# How to win the fight with fogging windows?



## Rainbow (Oct 30, 2013)

Good evening,

this is my first post on this awesome forum, so your patience with my newbie mistakes will be much appreciated. 

I tried the search engine and unfortunately I realised that it's not the best one I've seen.

What would you recommend to win the war with fogging car windows? I have some IPA left in the garage. Do I need some dedicated anti fog product or some diluted IPA ( like 3:1 or 4:1) will do the job?

Thank you in advance!


----------



## petesimcock (Aug 2, 2012)

The search function on here is appalling. 

I've spent the last few years just wiping the fog away with poor results so have just ordered some carpro fog fight of which I've heard mixed reviews. I shall report back when I've tried it though!


----------



## Danman (May 22, 2012)

Autoglym have released a new glass polish with anti fog.


----------



## V3nom (Oct 31, 2012)

Don't waste your money on fog fight. Tried it last week. Useless.


----------



## LittleMissTracy (May 17, 2012)

I use the anti fog stuff that I use in my swmming goggles, works quite good
HTH


----------



## danwel (Feb 18, 2007)

Don't waste cash on any fog fighting stuff they don't work


----------



## Rainbow (Oct 30, 2013)

The AG stuff from the clip looks working, but the problem is that I do not trust fancy labels and names. I am really looking for something working, because it's quite annoying to wait i the A/C to demist the windows in the cold or freezing mornings. I regularly change my cabin filter, but he problem still exist.


----------



## HITMANVW (Apr 29, 2013)

AG Glass Polish definitely works. Here's an impartial review I did for some AG trade products including the new Glass Polish, which is the same as the retail version: http://www.detailingworld.co.uk/forum/showthread.php?t=319282. It does make a significant difference as the evenings get colder (you get some light misting but the aircon clears it away within a few seconds) and I went and bought a bottle from my local Halfords once my trial pack finished. Maximum performance is 10 days but if you wash your car at least twice a month, you should able to keep it topped up during your wash regime.


----------



## AndyA4TDI (May 7, 2012)

Tried the new AG stuff yesterday on my bathroom mirror. We have a power shower and the mirror is always bad. This stuff reduced the problem. Whilst it did not fully cure the problem you could at least see your face in the mirror post shower.


----------



## veeduby (Feb 1, 2006)

LittleMissTracy said:


> I use the anti fog stuff that I use in my swmming goggles, works quite good
> HTH


AKA gob?


----------



## LittleMissTracy (May 17, 2012)

veeduby said:


> AKA gob?


Ha ha, 
That doesn't work in my googles so I reckon no good on windscreen,


----------



## The Doctor (Sep 11, 2007)

I anti fog products only usually work immediately after applying. After that the performance drops off rapidly.


----------



## Waylander-A4 (May 29, 2013)

Might be better to consider why they mist up

water in the car condenses on the cold glass... why is there so much water in the car do you have a leak?
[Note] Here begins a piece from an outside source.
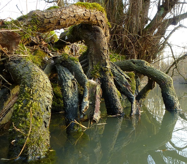 in einen alten hohlen Baumstamm/Weide und über mir

try placing one of those cheap de-humidiferers from the pound store in the car see if that fills up


----------



## s29nta (Mar 9, 2013)

Waylander-A4 said:


> Might be better to consider why they mist up
> 
> water in the car condenses on the cold glass... why is there so much water in the car do you have a leak?
> 
> try placing one of those cheap de-humidiferers from the pound store in the car see if that fills up


That's what I was thinking:thumb: check your pollen filter( if fitted :thumb


----------



## Fuzzybrush (Mar 9, 2013)

I find that turning on the aircon for a few minutes gets the fog gone quickly especially on the days when the humidity is very high. Not a lot of use if you don't have aircon :-(

I have used fog fight and it works for 7/10 days and then fades fast. You must follow the application instructions to the letter for it to perform properly.


----------



## Captain Peanut (Apr 19, 2011)

I've tried a few and, as others have said, the performance drops off very quickly. I've also had problems with the treatments causing starring of headlights when driving at night.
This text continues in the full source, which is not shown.